Objective: Kidney transplantation is the most effective treatment for end-stage renal disease, but the shortage of cadaveric donors has increased reliance on living donors. Traditional open donor nephrectomy, while effective, is associated with significant morbidity. Hand-assisted laparoscopic donor nephrectomy (HALDN) combines the advantages of minimally invasive surgery with the tactile feedback of open surgery. This study presents the outcomes of HALDN procedures performed at the center.

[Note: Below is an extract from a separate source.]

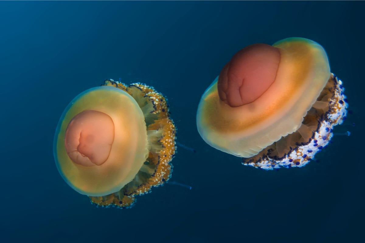 - Esta medusa es de color amarillo fuerte y naranja, y su forma nos recuerda exactamente a un huevo frito.

Methods: A total of 1221 living donor nephrectomies performed between September 2009 and August 2021 at Medicana !stanbul Hospital were analyzed. Donor characteristics, surgical details, and postoperative outcomes were recorded. Data analysis was conducted using SPSS version 22.0, with continuous variables assessed for normality and expressed accordingly.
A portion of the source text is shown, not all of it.